Friday, August 21, 2020

The Practical 365 Weekly Update: Ep 43








Your weekly digest for Microsoft 365 News





Internet Explorer 11 is dead – long live the modern Edge





STEVE: The first one this week of note is that Microsoft 365 is going to be removing support for IE11, so if you’ve been following Twitter and other announcements this week, then you’ll know that Microsoft are actually putting an end to IE. Internet Explorer is dying and there’s not going to be. Many people are not going to be sorry to see IE’s demise.





Obviously in the wider Windows context then this is something that’s going to be important to you. If you’re supporting Legacy Line of business applications that rely on it, but from a Microsoft 365 perspective, this means a couple of things. This means later this year, so from November 30 the teams web app.





Microsoft is no longer going to support IE11, which to be honest I didn’t know many people were still using that with Teams, to be honest.

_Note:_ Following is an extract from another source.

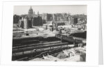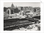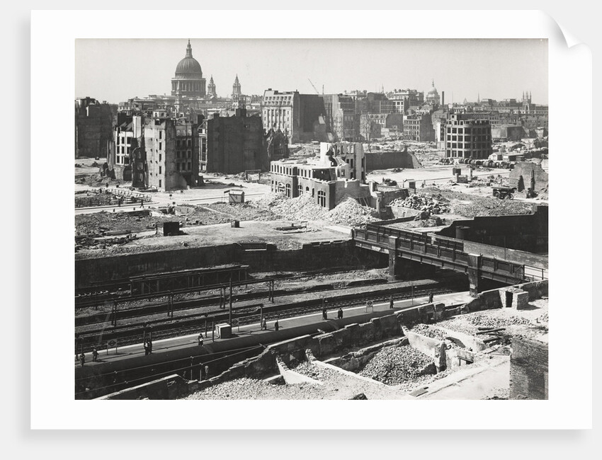 The Barbican area of the City of London, World War II, 1942. View showing the devastation following the demolition of unsafe buildings damaged by German bombing. Amongst the rubble people can be seen standing on the station platform waiting to catch a train.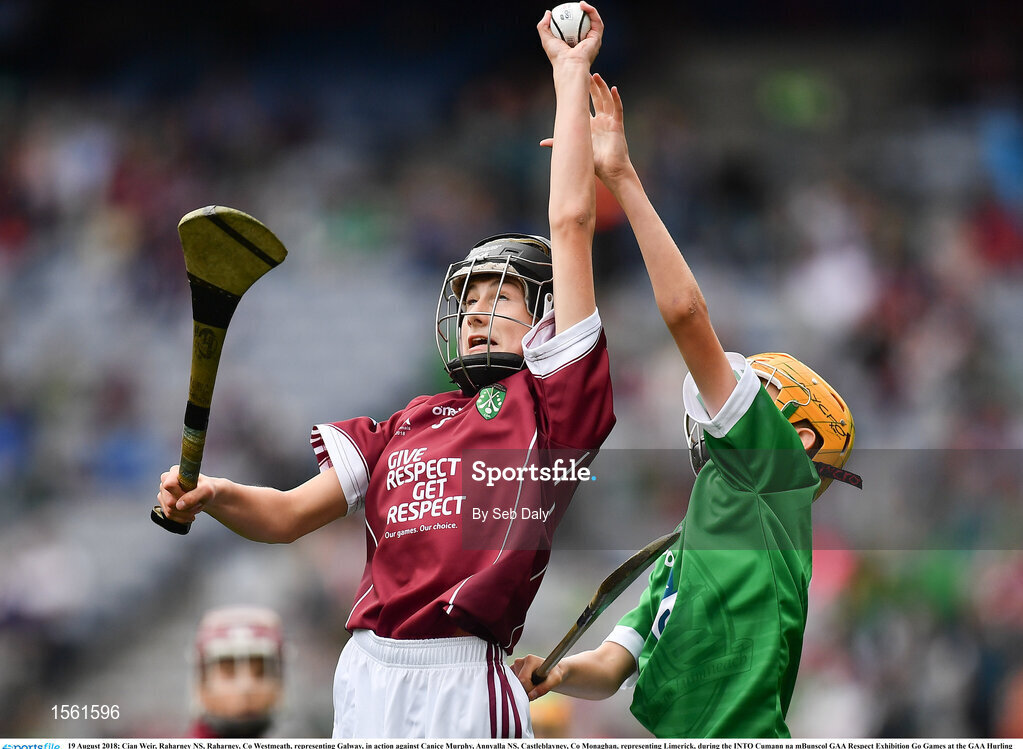 19 August 2018; Cian Weir, Raharney NS, Raharney, Co Westmeath, representing Galway, in action against Canice Murphy, Annyalla NS, Castleblayney, Co Monaghan, representing Limerick, during the INTO Cumann na mBunscol GAA Respect Exhibition Go Games at the GAA Hurling All-Ireland Senior Championship Final match between Galway and Limerick at Croke Park in Dublin. Photo by Seb Daly/Sportsfile

If you’ve got clients that are using IE11 then well really. If they are running windows then install the windows client. If you if you can.





But really, if even if you’re using the legacy version of Edge, you should be moving to the modern Chrome-based version of Microsoft Edge, as it’s the one that supports all of the latest up and coming in-browser features for Microsoft Teams.





Other Microsoft 365 applications have got a little bit longer until the end of support, up until August 17th, 2021.





More Info.





Microsoft Introduce EDR in block mode for Defender ATP





STEVE: An interesting one for Microsoft defender. This week a new public preview for Defender ATP has been released. The Advanced Threat Protection piece of Microsoft defender is an add-on that you get with E5 or the advanced security addons on top of your Microsoft 365 subscription.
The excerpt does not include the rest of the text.